Friday, March 29, 2013

There is something I have to tell you by Madhubashini Ratnayake

 To write a long novel needs skill, dedication, commitment and most of all a good long story to tell. Certainly Madhubashini Ratnayake has proved that she has enough of the first three and the Gratiaen judges thought she has enough of the last component, after all they awarded her the Gratiaen Prize for 2011 awarded in 2012 but I am not sure that she succeeded.
There is Something I have to Tell You is a fabulous title. The story is woven around a few characters, the walauwe son, the servant's son, the samanera living in the temple next door, the girl next door, the university rich kid, the revolutionaries, etc etc. Nothing we haven't read about before. But a good story can take an old theme and make you see it with new eyes. A good story can weave a fabric around your imagination filled with the colours and sounds of the writer's skill. Has Madhubashini Ratnayake done that? I am not sure. There is a story certainly, and it is a familiar story, nothing unusual, it talks about all the issues we as a country have gone through. But perhaps as happens to many first novelists they want to talk about everything that has happened in our entire history. If they could bring Vijaya's arrival into a modern novel as well, they would. So the novel is set during a time of post independence but there is constant reference to the pre-independence struggle as well as the ills of colonialism. Then we have the lean years, the JVP struggle and the LTTE (not dwelt on much but referred to).
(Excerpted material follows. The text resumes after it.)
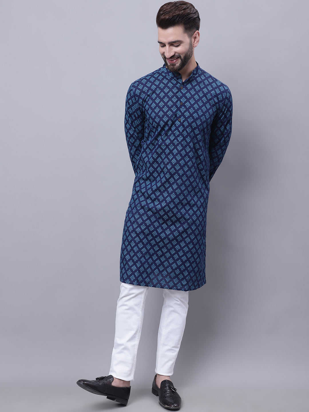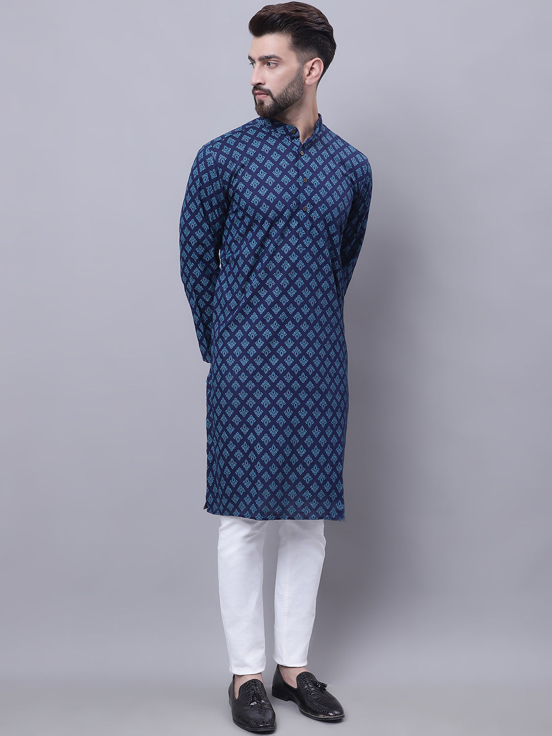 Even Apparels Blue Pure Cotton Kurta With Band Collar

We have Sinhala nationalism, and Sinhala chauvinism, and the sane voices that to my mind didn't hold true. It was too much a nod to political correctness a token reminder of how things should be. But despite my misgivings and my holding back of praise, it is a novel that I would recommend one reads.
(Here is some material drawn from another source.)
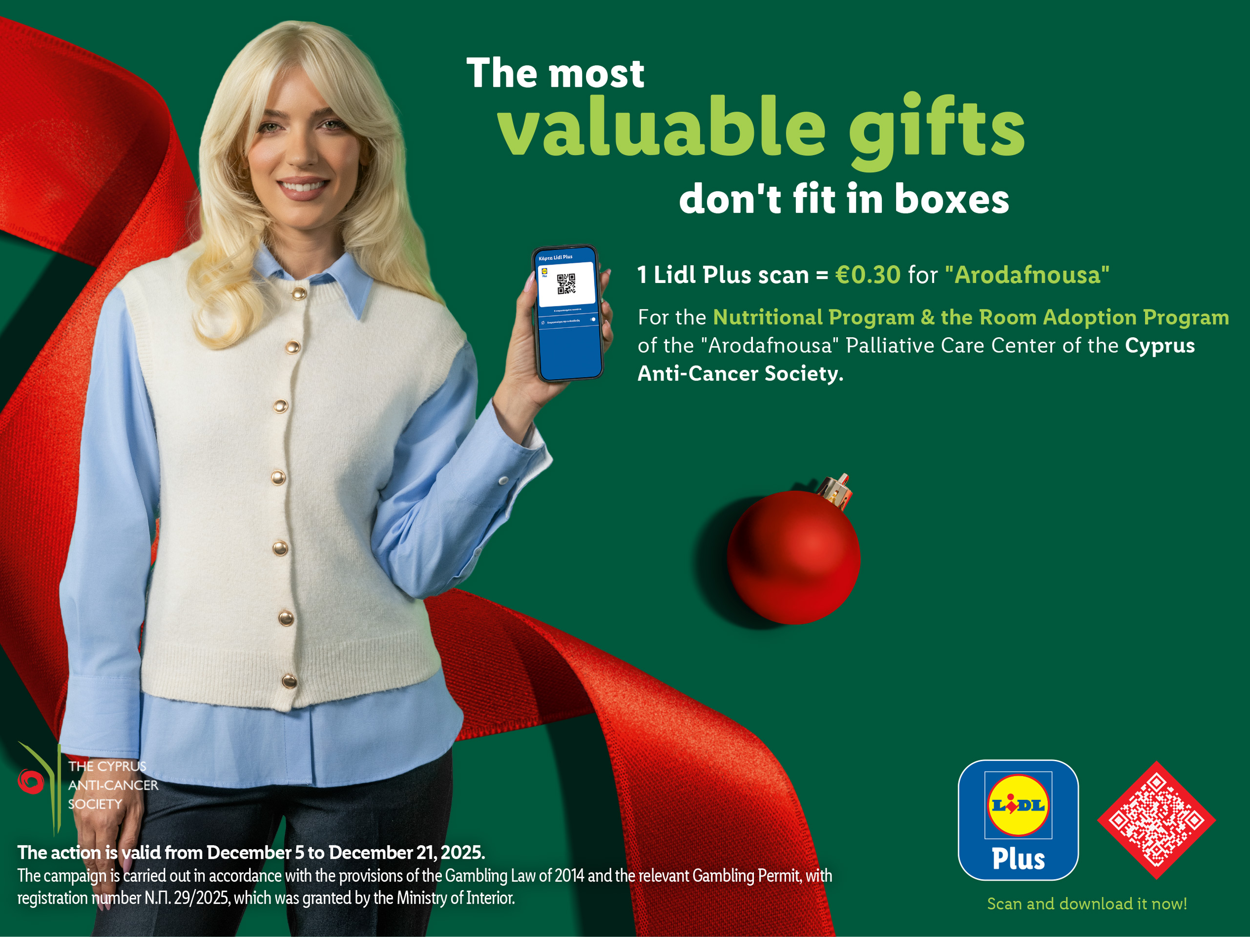 Τα φετινά Χριστούγεννα, η Lidl Κύπρου ενώνει τις δυνάμεις της με τον «Αντικαρκινικό Σύνδεσμο Κύπρου», εξασφαλίζοντας ουσιαστική στήριξη, ανακούφιση και ελπίδα.

We have expected much from Madhubashini Ratnayake, she has given us some collections of stories that have received good reviews, so I was expecting a wonderful novel. It is a novel that could have been wonderful but is not. It could have done with much editing. In fact editing down. Five lines cut out of every ten, would have made it stronger and tighter and faster. It could have done with a spellcheck as well. It was a novel that I took a long time to finish and I would lose interest in it half way, which is not a good trait for a novel. It is certainly not an easy read. But I emphasise again, it is worth reading, because in my mind it deals with serious issues by a writer who is the backbone of the Sinhala middle class. . To me I saw the novel as a door into the writer's mind and others like her, of what they think of their own country and how they feel, truly feel about where their country is headed. She definitely has something to tell us but perhaps she could have done it better.